#### Task goal:
Output, exactly as written, the lines below starting at the line containing "Hand Crimp Tool" and ending at the line containing "Byt je laděn". Drop the pictures and keep both end lines.

#### Material for the task:
**********
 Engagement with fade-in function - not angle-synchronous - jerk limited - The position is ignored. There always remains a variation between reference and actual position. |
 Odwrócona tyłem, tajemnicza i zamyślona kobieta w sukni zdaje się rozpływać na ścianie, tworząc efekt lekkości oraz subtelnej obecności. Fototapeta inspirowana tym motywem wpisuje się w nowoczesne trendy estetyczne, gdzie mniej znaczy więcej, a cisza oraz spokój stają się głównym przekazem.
**********
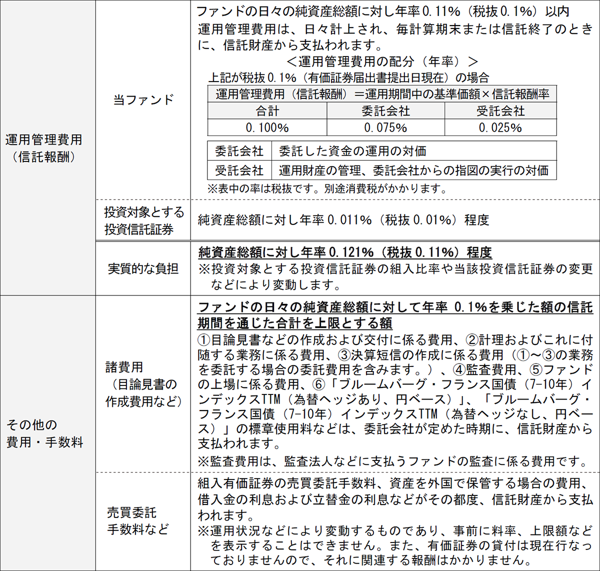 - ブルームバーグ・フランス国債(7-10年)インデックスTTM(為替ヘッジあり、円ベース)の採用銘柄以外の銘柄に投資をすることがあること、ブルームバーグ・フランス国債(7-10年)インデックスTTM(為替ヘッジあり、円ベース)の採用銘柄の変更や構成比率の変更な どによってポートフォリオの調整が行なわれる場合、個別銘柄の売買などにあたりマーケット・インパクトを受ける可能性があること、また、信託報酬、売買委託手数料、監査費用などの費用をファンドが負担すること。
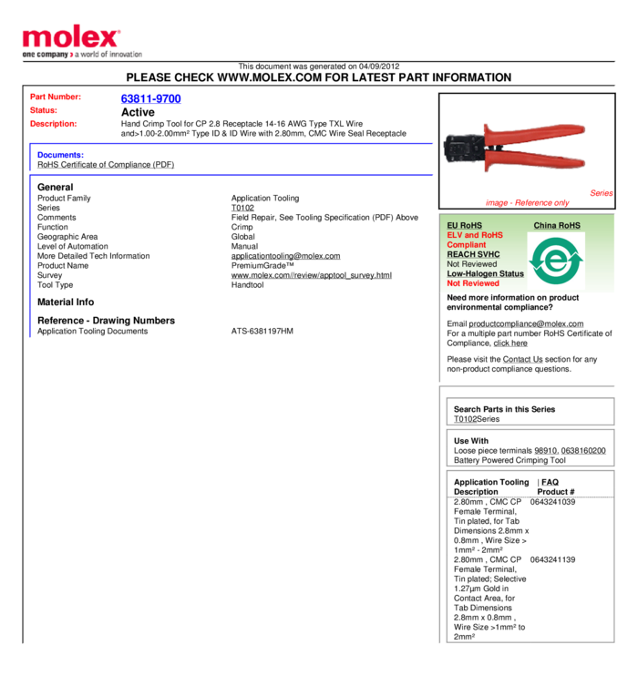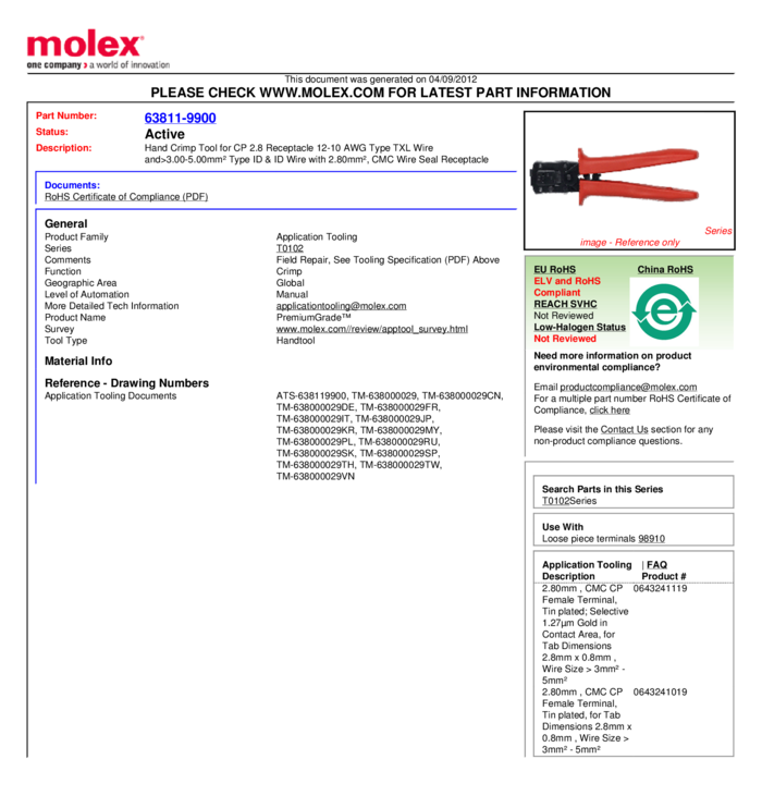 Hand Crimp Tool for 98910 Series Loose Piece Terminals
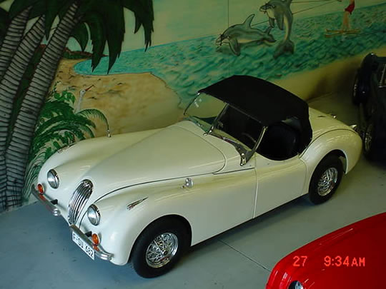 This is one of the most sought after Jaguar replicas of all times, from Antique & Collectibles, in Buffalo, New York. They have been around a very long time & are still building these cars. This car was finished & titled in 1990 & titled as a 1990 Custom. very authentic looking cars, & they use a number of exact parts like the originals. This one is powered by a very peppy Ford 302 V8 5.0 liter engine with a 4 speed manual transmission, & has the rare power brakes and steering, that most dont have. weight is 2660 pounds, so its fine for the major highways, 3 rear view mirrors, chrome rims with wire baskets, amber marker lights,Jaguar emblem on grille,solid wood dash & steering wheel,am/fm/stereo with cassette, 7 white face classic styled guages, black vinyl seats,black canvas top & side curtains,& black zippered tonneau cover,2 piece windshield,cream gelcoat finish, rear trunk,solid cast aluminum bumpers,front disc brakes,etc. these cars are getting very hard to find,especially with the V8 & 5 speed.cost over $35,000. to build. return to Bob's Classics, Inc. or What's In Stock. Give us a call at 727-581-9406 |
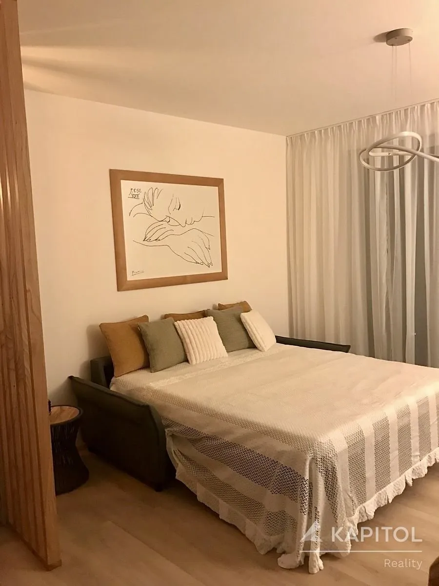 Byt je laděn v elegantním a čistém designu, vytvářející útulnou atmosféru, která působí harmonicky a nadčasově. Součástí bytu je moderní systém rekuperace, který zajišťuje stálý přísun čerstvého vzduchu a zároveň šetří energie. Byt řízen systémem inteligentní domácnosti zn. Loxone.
**********
#### Answer space:
 Hand Crimp Tool for 98910 Series Loose Piece Terminals
 This is one of the most sought after Jaguar replicas of all times, from Antique & Collectibles, in Buffalo, New York. They have been around a very long time & are still building these cars. This car was finished & titled in 1990 & titled as a 1990 Custom. very authentic looking cars, & they use a number of exact parts like the originals. This one is powered by a very peppy Ford 302 V8 5.0 liter engine with a 4 speed manual transmission, & has the rare power brakes and steering, that most dont have. weight is 2660 pounds, so its fine for the major highways, 3 rear view mirrors, chrome rims with wire baskets, amber marker lights,Jaguar emblem on grille,solid wood dash & steering wheel,am/fm/stereo with cassette, 7 white face classic styled guages, black vinyl seats,black canvas top & side curtains,& black zippered tonneau cover,2 piece windshield,cream gelcoat finish, rear trunk,solid cast aluminum bumpers,front disc brakes,etc. these cars are getting very hard to find,especially with the V8 & 5 speed.cost over $35,000. to build. return to Bob's Classics, Inc. or What's In Stock. Give us a call at 727-581-9406 |
 Byt je laděn v elegantním a čistém designu, vytvářející útulnou atmosféru, která působí harmonicky a nadčasově. Součástí bytu je moderní systém rekuperace, který zajišťuje stálý přísun čerstvého vzduchu a zároveň šetří energie. Byt řízen systémem inteligentní domácnosti zn. Loxone.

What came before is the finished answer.